Stored items from a collection:
--
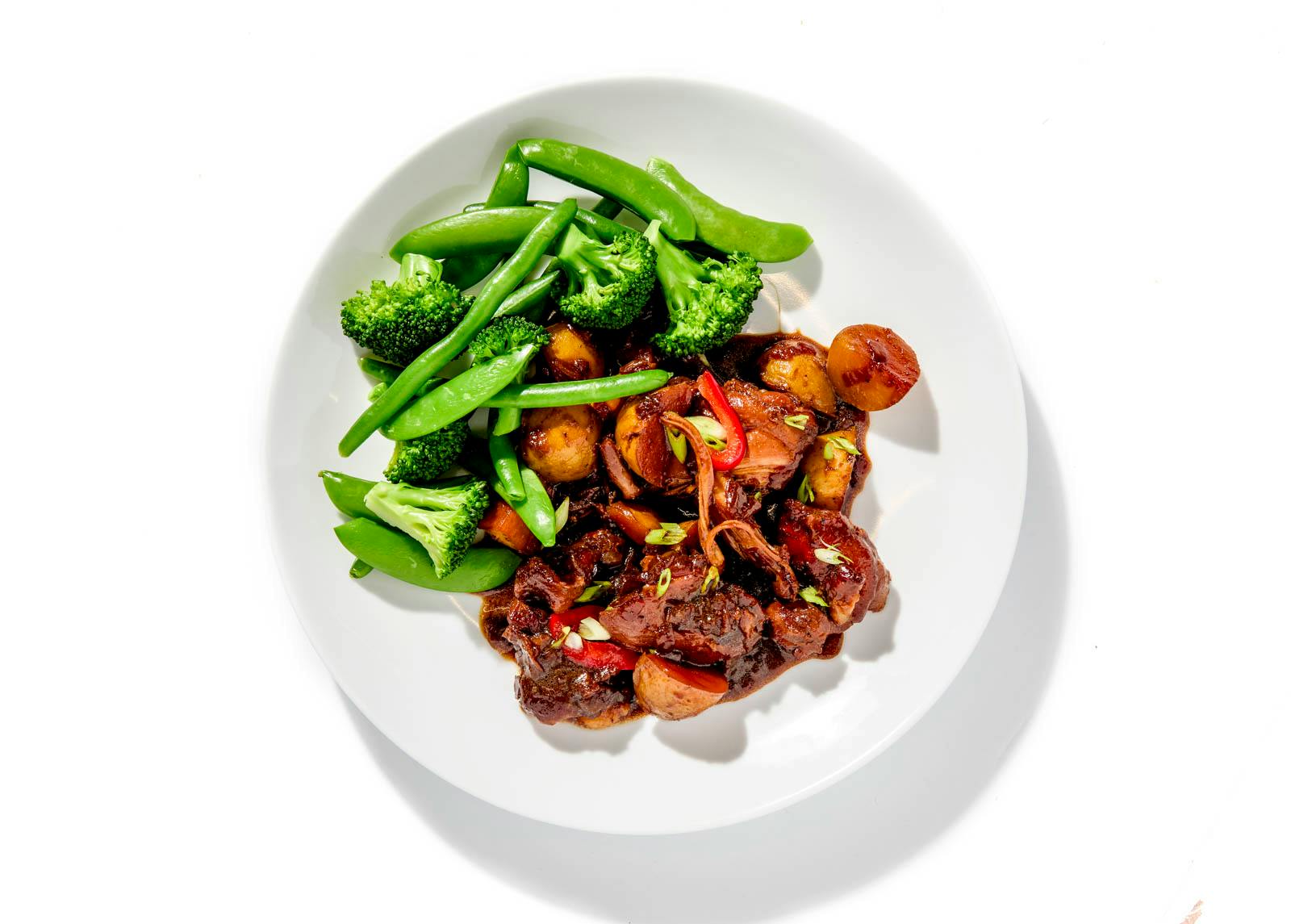 "Growing up, I partially raised and looked after by a Filipino caregiver who had me falling in love with Filipino cuisine from the time I could walk," says Chef Toben. Here, Chef whips up a classic Filipino adobo made with tender braised chicken thighs simmered with soy sauce, vinegar, garlic, and bay leaf. Yukon potatoes soak up the savory, tangy sauce, while a medley of steamed green beans, broccoli, and snap peas keeps the plate fresh.
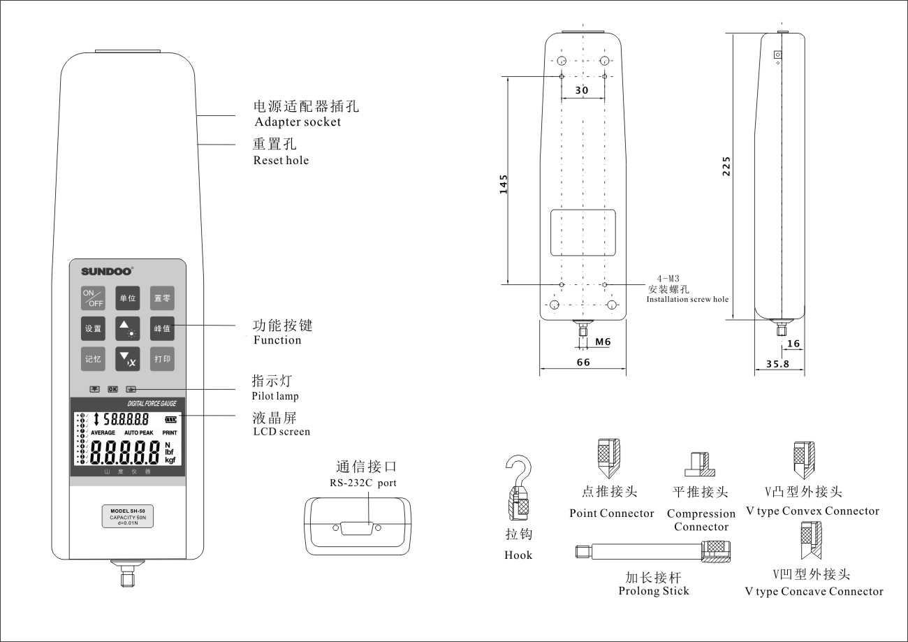 SH系列數(shù)顯式推拉力計是小型多功能高精度的推拉負荷測試儀器。適用于各種產(chǎn)品的推拉負荷測試、插拔力測試,破壞試驗等。數(shù)字顯示分辨率高,使用方便,為新一代高效高精度的推拉力測試儀器。
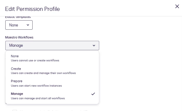 } Even when the Admin UI displays Maestro = "manage" for that profile, Maestro may still not allow the user to create or manage workflows if the underlying AuthZ relationships were not refreshed the way Maestro expects.
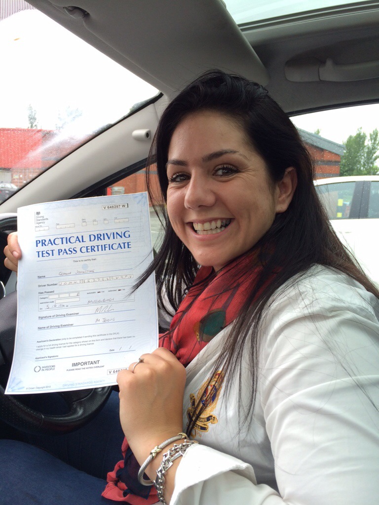 Gemma Johnston from Port Seton Congratulates herself on not only a 1st time Pass, but mainly for only swearing at the examiner once on test.
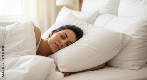 woman, sleeping, sleep, bed, pillow, bedding, white, comfort, rest, relaxation, indoor, bedchamber, morning, peaceful, serene, dark hair, soft light, cosy, deep sleep, rejuvenation, health, wellness, quiet, slumber, dream, resting, face, closeup, adult, female, sheet, duvet, calmness, nap, night time, healthy, routine, to rest, light, bright, clean, domestic, home
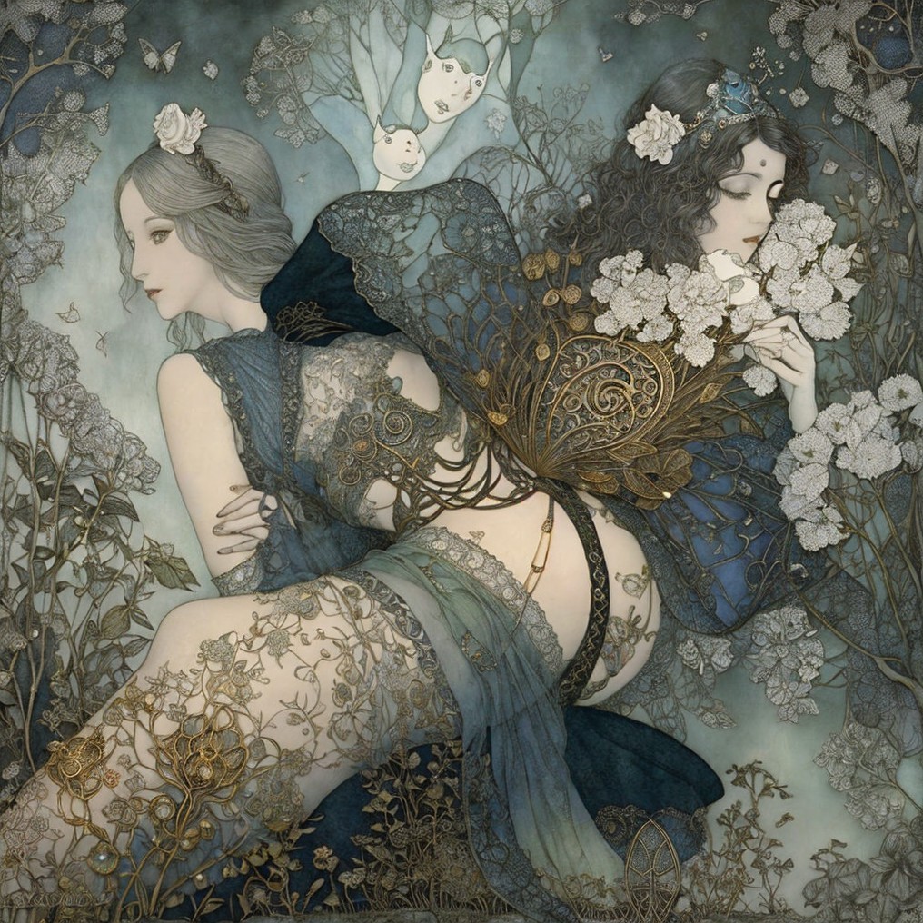 A serene figure with flowing hair sits amidst intricate swirls and floral designs, gazing thoughtfully. In the background, an ethereal landscape with a maze and distant castle adds a mystical touch.
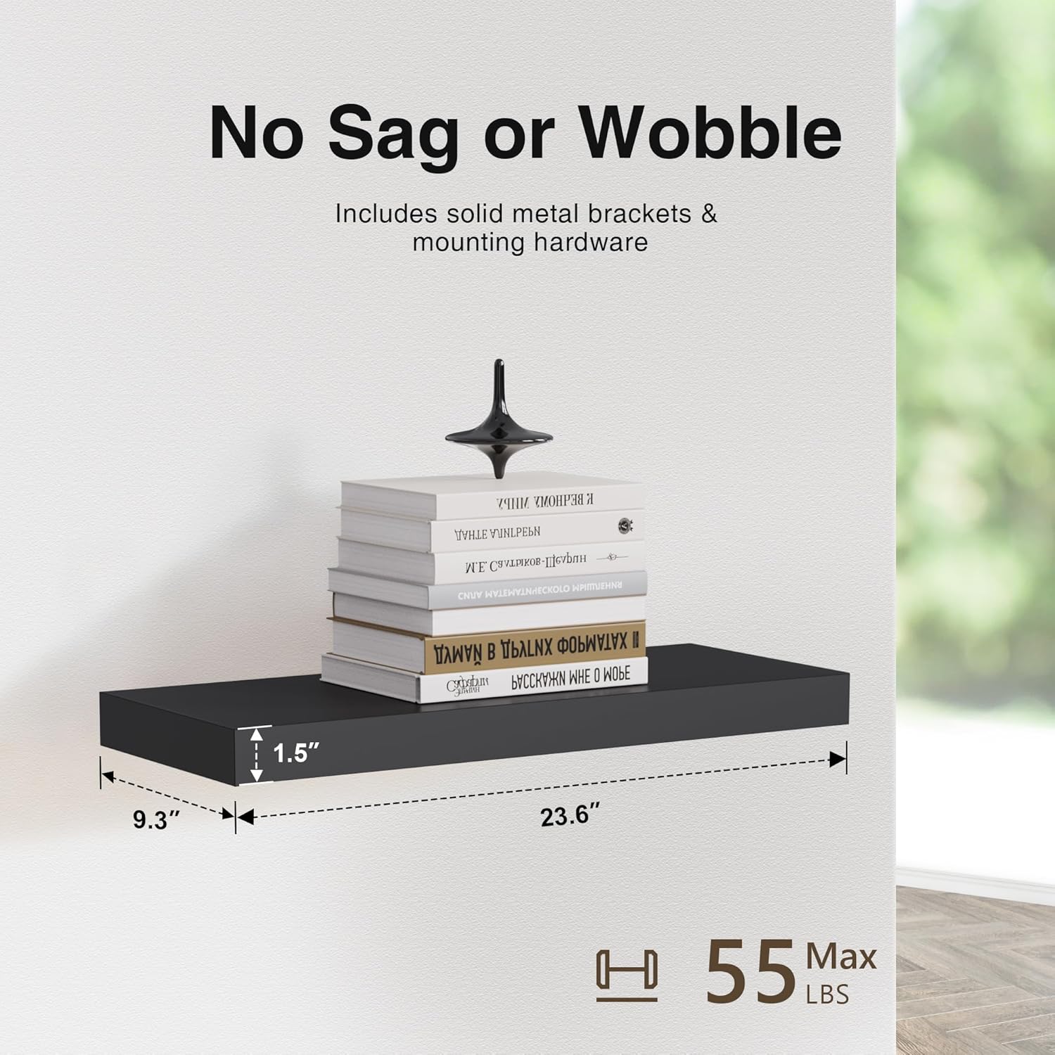 - VERSATILE AND STYLISH DESIGN: Elevate your space with our wall shelves available in wood, black, and white. These floating shelves come in three sizes (15 inches, 24 inches, and 36 inches) and feature a natural wood texture that blends seamlessly with any decor style.
--
EXERCISE REQUIREMENTS → Please repeat every record above exactly, leaving the pictures out.

RESULT OF THIS EXERCISE →
 "Growing up, I partially raised and looked after by a Filipino caregiver who had me falling in love with Filipino cuisine from the time I could walk," says Chef Toben. Here, Chef whips up a classic Filipino adobo made with tender braised chicken thighs simmered with soy sauce, vinegar, garlic, and bay leaf. Yukon potatoes soak up the savory, tangy sauce, while a medley of steamed green beans, broccoli, and snap peas keeps the plate fresh.
 SH系列數(shù)顯式推拉力計是小型多功能高精度的推拉負荷測試儀器。適用于各種產(chǎn)品的推拉負荷測試、插拔力測試,破壞試驗等。數(shù)字顯示分辨率高,使用方便,為新一代高效高精度的推拉力測試儀器。
 } Even when the Admin UI displays Maestro = "manage" for that profile, Maestro may still not allow the user to create or manage workflows if the underlying AuthZ relationships were not refreshed the way Maestro expects.
 Gemma Johnston from Port Seton Congratulates herself on not only a 1st time Pass, but mainly for only swearing at the examiner once on test.
 woman, sleeping, sleep, bed, pillow, bedding, white, comfort, rest, relaxation, indoor, bedchamber, morning, peaceful, serene, dark hair, soft light, cosy, deep sleep, rejuvenation, health, wellness, quiet, slumber, dream, resting, face, closeup, adult, female, sheet, duvet, calmness, nap, night time, healthy, routine, to rest, light, bright, clean, domestic, home
 A serene figure with flowing hair sits amidst intricate swirls and floral designs, gazing thoughtfully. In the background, an ethereal landscape with a maze and distant castle adds a mystical touch.
 - VERSATILE AND STYLISH DESIGN: Elevate your space with our wall shelves available in wood, black, and white. These floating shelves come in three sizes (15 inches, 24 inches, and 36 inches) and feature a natural wood texture that blends seamlessly with any decor style.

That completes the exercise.